ACTIVITY: A word-for-word retyping of the listing below is required, with the pictures dropped.

PROVIDED DATA:
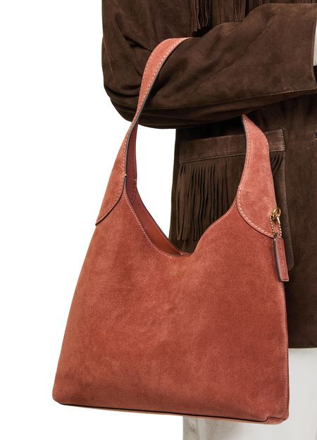 Reveal Coach's Brooklyn 28 hobo, where a decorative label with an embossed Coach logo and gold-finish hardware set a refined tone. The wide strap and single handle offer versatile carrying, while visible topstitching and a spacious interior compartment blend modern design with everyday practicality.
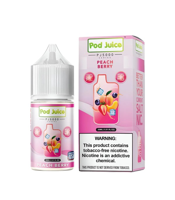 Pod Juice PJ5000 Peach Berry Salt Likit, olgun şeftali ve tatlı orman meyvelerinin uyumunu sunan meyvemsi, ferah ve dengeli bir elektronik sigara likitidir. 50VG / 50PG oranı sayesinde pürüzsüz içim ve güçlü aroma performansı sağlar. 30 mL şişede; 35 mg ve 55 mg nikotin seçenekleriyle üretilmiştir.
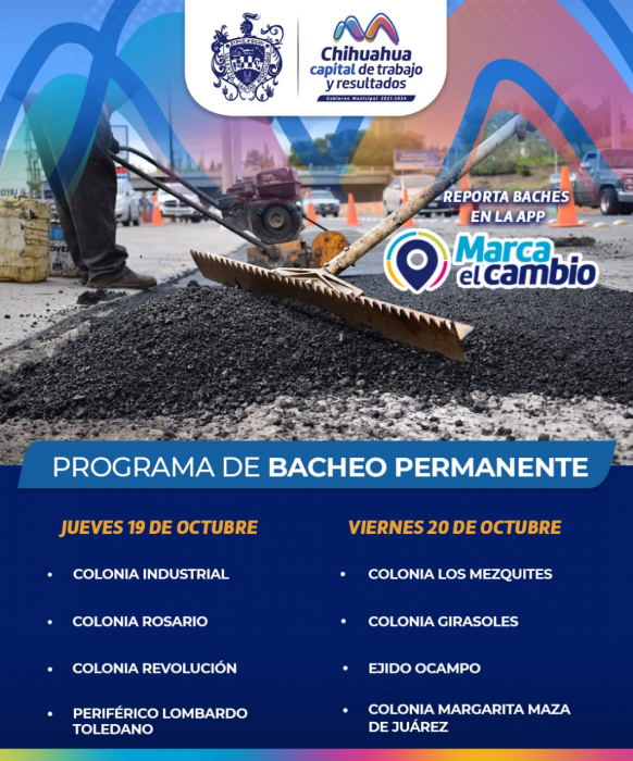 Chihuahua, Chih.- El alcalde Marco Bonilla mantiene el compromiso de una circulación segura y eficaz en la Capital, es por eso que continúan los trabajos de bacheo con el Programa Permanente que realiza la Dirección de Obras...
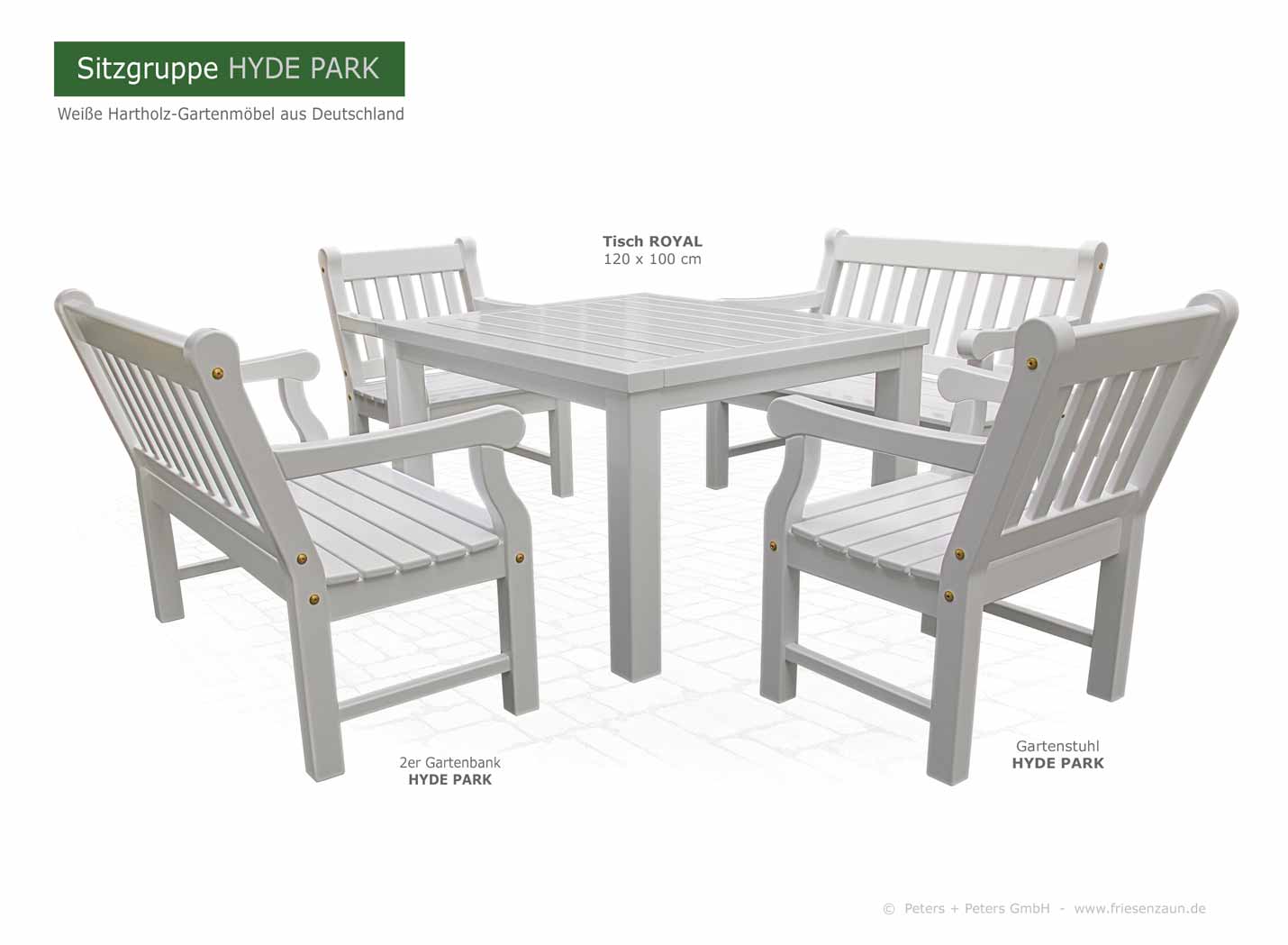 leichteren Gartenmöbel-Sitzgruppe im Windsor-Stil erfüllen. Die Holzgartenbänke Hyde Park nehmen die Formensprache der Gartenbänke Windsor auf, sind aber in der gesamten Ausführung deutlich leichter, wirken filigraner und lassen sich aufgrund des geringeren Gewichtes auch sehr gut als wetterfeste Gartenmöbel-Sitzgruppe einsetzen. Auch direkt am Haus neben der Eingangstür platziert wirken diese schönen Holzbänke dezent und harmonisch.

RESULT OF THE TASK:
 Reveal Coach's Brooklyn 28 hobo, where a decorative label with an embossed Coach logo and gold-finish hardware set a refined tone. The wide strap and single handle offer versatile carrying, while visible topstitching and a spacious interior compartment blend modern design with everyday practicality.
 Pod Juice PJ5000 Peach Berry Salt Likit, olgun şeftali ve tatlı orman meyvelerinin uyumunu sunan meyvemsi, ferah ve dengeli bir elektronik sigara likitidir. 50VG / 50PG oranı sayesinde pürüzsüz içim ve güçlü aroma performansı sağlar. 30 mL şişede; 35 mg ve 55 mg nikotin seçenekleriyle üretilmiştir.
 Chihuahua, Chih.- El alcalde Marco Bonilla mantiene el compromiso de una circulación segura y eficaz en la Capital, es por eso que continúan los trabajos de bacheo con el Programa Permanente que realiza la Dirección de Obras...
 leichteren Gartenmöbel-Sitzgruppe im Windsor-Stil erfüllen. Die Holzgartenbänke Hyde Park nehmen die Formensprache der Gartenbänke Windsor auf, sind aber in der gesamten Ausführung deutlich leichter, wirken filigraner und lassen sich aufgrund des geringeren Gewichtes auch sehr gut als wetterfeste Gartenmöbel-Sitzgruppe einsetzen. Auch direkt am Haus neben der Eingangstür platziert wirken diese schönen Holzbänke dezent und harmonisch.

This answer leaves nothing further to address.